# MGC Silver (electrically) conductive epoxy



## LLCoolBeans (Feb 5, 2009)

Anyone have any experience with this stuff? 

Just picked some up at the local electronic supply. I could have really used something like this on a couple of mods.

Any reason why it isn't used more often in the flashlight modding world? Seems to me like this would be an invaluable tool for modding.


----------



## mudman cj (Feb 5, 2009)

*Re: MGC Silver conductive epoxy*

It's actually used quite often by modders, myself included. You should have no trouble finding references to Arctic Silver or Arctic Alumina epoxies in particular. 

Keep in mind that Seoul emitters have slugs that are not isolated from the leads, and for those you need to use the ceramic epoxy (Arctic Alumina) instead of Arctic Silver because the silver conducts electricity in addition to heat.


----------



## likeguymontag (Feb 5, 2009)

*Re: MGC Silver conductive epoxy*

Thermal epoxy is significantly less thermally conductive than regular old thermal compound. If you can figure out a way to use regular thermal compound, you're probably better off. A real metal-to-metal connection like a reflow soldered bit is significantly better still.

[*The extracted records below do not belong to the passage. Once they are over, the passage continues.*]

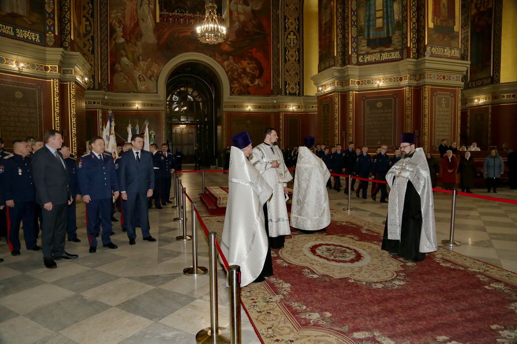 В День Старшинства Войска Донского – 448-летия служения донских казаков Государству Российскому и памяти атамана Матвея Ивановича Платова, в Новочеркасском Патриаршем Вознесенском Войсковом всеказачьем соборе состоялся благодарственный молебен во славу Войска Донского, который совершили настоятель собора протоиерей Георгий Сморкалов, Войсковой духовник протоиерей Сергий Маштанов и духовник Донецкого казачьего округа Всевеликого войска Донского протоиерей Василий Хадыкин.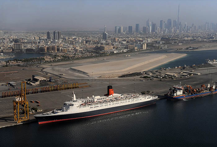 Dubai World compró en 2007 a Cunard este buque por un valor de 100 millones de dólares hace ya 10 años este buque que finalmente luce en el puerto de Mina Rashid como hotel flotante.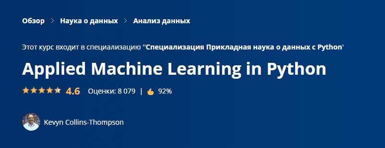Этот курс следует пройти после введения в науку о данных в Python и прикладного построения графиков, диаграмм и представления данных в Python и перед прикладным анализом текста в Python и прикладным социальным анализом в Python.

Oh well. Thermal epoxy has its uses, and its easy. Just make sure you use a thin layer.


----------



## LLCoolBeans (Feb 5, 2009)

*Re: MGC Silver conductive epoxy*

No, No, No. I'm fully aware of and have used AA and AS both the adhesives and the compound. I am also well aware that thermal compound is more thermally conductive than the epoxy.

This stuff is *electrically *conductive as apposed to AA for example which is electrically insulative. I guess I should have been more clear.


----------



## likeguymontag (Feb 5, 2009)

*Re: MGC Silver conductive epoxy*



LLCoolBeans said:


> No, No, No. I'm fully aware of and have used AA and AS both the adhesives and the compound. I am also well aware that thermal compound is more thermally conductive than the epoxy.
> 
> This stuff is *electrically *conductive as apposed to AA for example which is electrically insulative. I guess I should have been more clear.



Fascinating. I wonder what its electrical conductivity is though, and how easy it is to work with. Super viscous?


----------



## LLCoolBeans (Feb 5, 2009)

*Re: MGC Silver conductive epoxy*



likeguymontag said:


> Fascinating. I wonder what its electrical conductivity is though, and how easy it is to work with. Super viscous?



It looked interesting, so I grabbed some at the store today. I haven't had a chance to play with it yet.

It says the following on the package:
Volume resistivity @ 25degrees C (77degrees F)
MIL-STD-883E 0.38 ohm-cm


----------



## likeguymontag (Feb 5, 2009)

*Re: MGC Silver conductive epoxy*



LLCoolBeans said:


> It looked interesting, so I grabbed some at the store today. I haven't had a chance to play with it yet.



You're familiar with the electrically conductive paint sold at automotive parts stores, right? Brown, small vial with a brush. It's used to repair broken traces on rear window defoggers.


----------



## LLCoolBeans (Feb 5, 2009)

*Re: MGC Silver conductive epoxy*



likeguymontag said:


> You're familiar with the electrically conductive paint sold at automotive parts stores, right? Brown, small vial with a brush. It's used to repair broken traces on rear window defoggers.



I've heard mention of it poking around CPF, but I am not familiar with it.

The packaging also has this to say:



Silver Conductive Epoxy Cat. No. 8331-14G said:


> *
> Forms High Strength Conductive Bonds*
> Use in place of traditional solder. Perfect for joining heat sensitive components. Good for repairing defective traces and creating jumpers. Excellent for high frequency EMI/RFI shielding applications.


----------



## precisionworks (Feb 5, 2009)

> what its electrical conductivity is


 The value 0.38 ohm-cm is the volume resistivity measurement of MGC Silver. 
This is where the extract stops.